Sadly, when a suicide occurs, family members and closest friends often say they were completely blind-sided; they never saw it coming. I hope that doesn’t happen to you.
Now that you know these things, you can be proactive and have no regrets.
Find encouragement from this Scripture verse:
Trust God from the bottom of your heart; don’t try to figure out everything on your own. Listen for God’s voice in everything you do, everywhere you go; he’s the one who will keep you on track. Don’t assume that you know it all. Run to God (Proverbs 3:5-6, The Message)!

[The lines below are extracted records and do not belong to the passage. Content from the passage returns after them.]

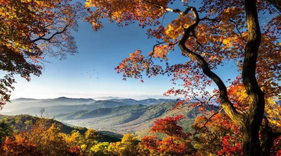秋季的光霧山,秋色蓬勃,紅葉似火,五彩斑斕的色塊在風(fēng)中潮水般洶涌起伏,渾然成了色彩海洋。山山嶺嶺的紅葉,以難得的本樸和自然,素面朝天。如火如荼的紅葉掛滿枝頭,萬葉飄丹的美景出現(xiàn)在秋風(fēng)吹過的林海,成千上萬的紅葉隨風(fēng)飄飛,像是翩翩起舞的精靈。
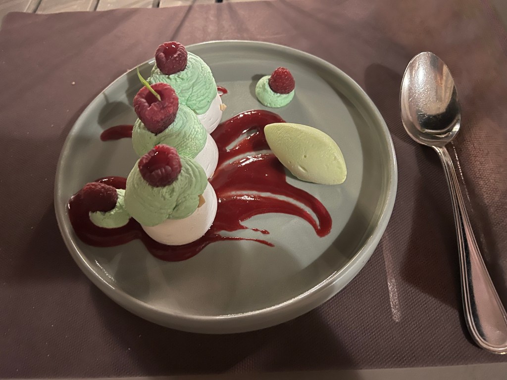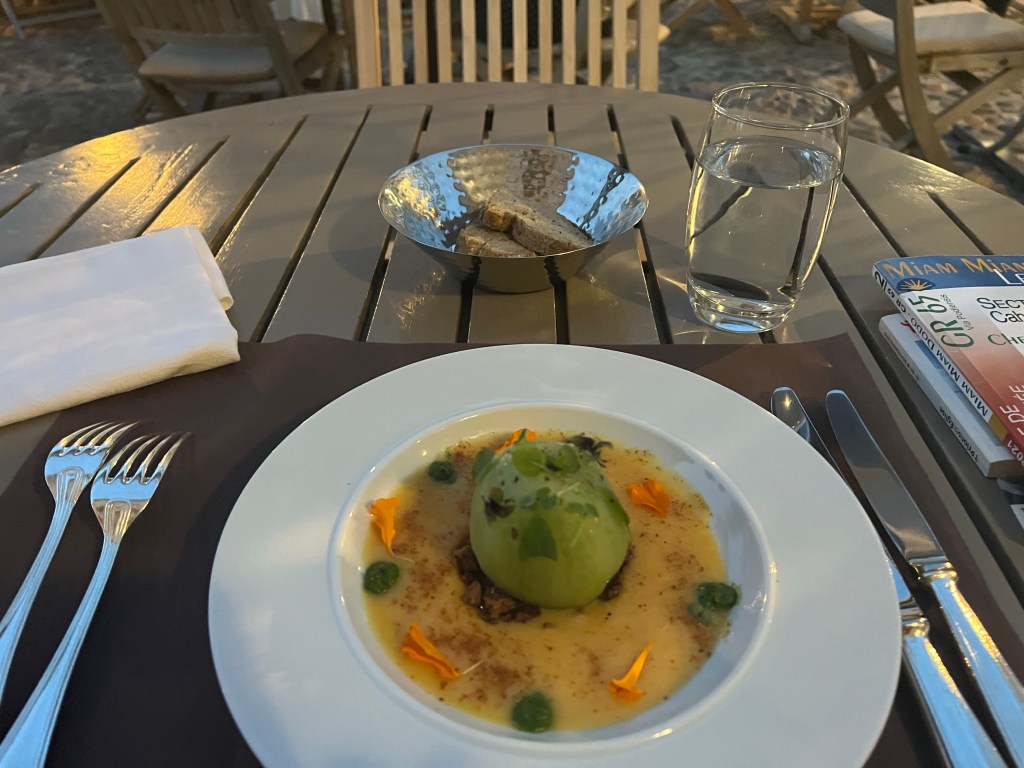 First course of my meal: an heirloom green tomato with pesto and some amazing sauce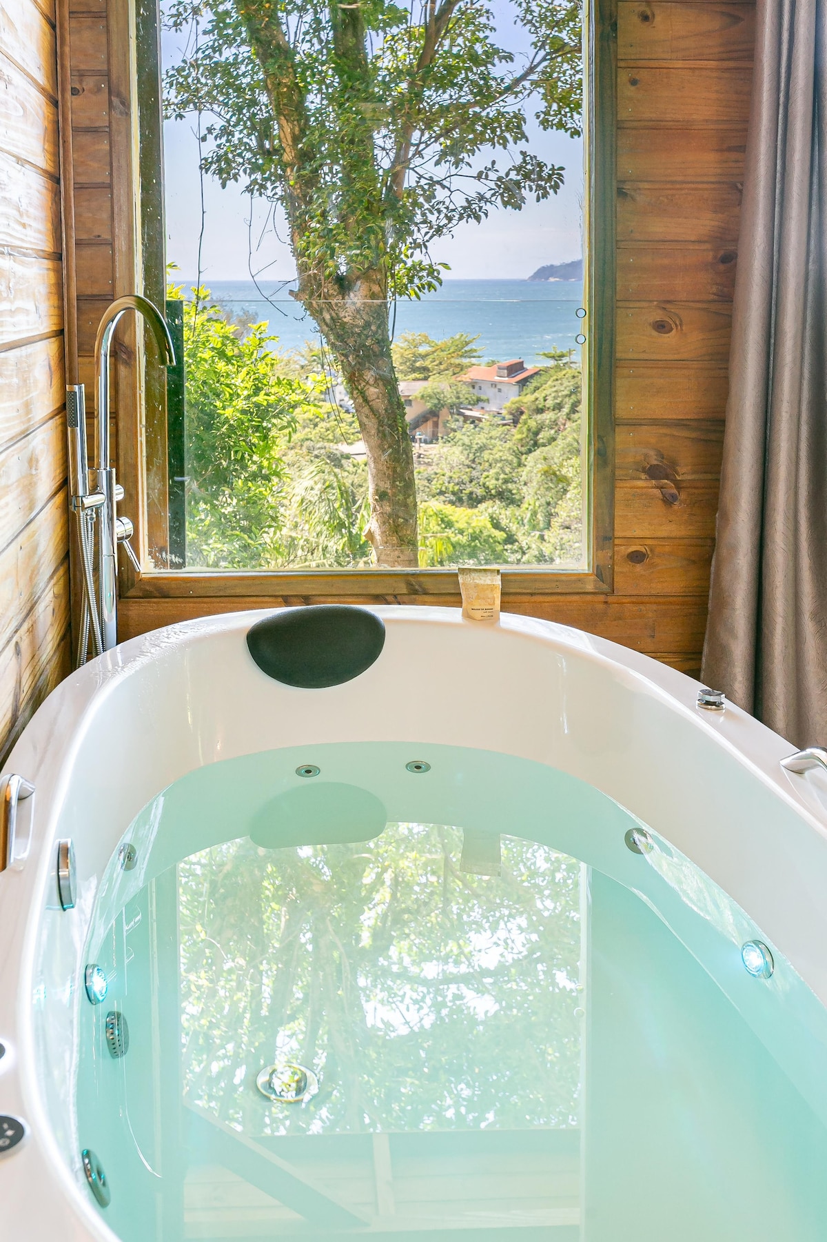 Cabana charmosa no alto da mata, com vista panorâmica para o mar, banheira de hidromassagem, internet fibra e total integração à natureza. Última casa de um pequeno condomínio, com muita privacidade, silêncio e acesso por trilha curta. Um refúgio perfeito para relaxar, contemplar e se reconectar.

Pray with me: Author of Life, please comfort and strengthen us. Reinforce our courage to do hard things, whatever it takes, to save our child. Open our eyes to see the warning signs. Guide us to the next step. Divinely connect us with the right person who can speak to our situation. Show us how to trust You in this great struggle. Thank you for caring. Thank you that we’re not alone.
Reflection Question and an Action Step: Which one of these warning signs were you not aware of? Save the toll free Suicide Prevention Lifeline number and keep it in a safe place. Put the number in your phone just in case. Share it with others.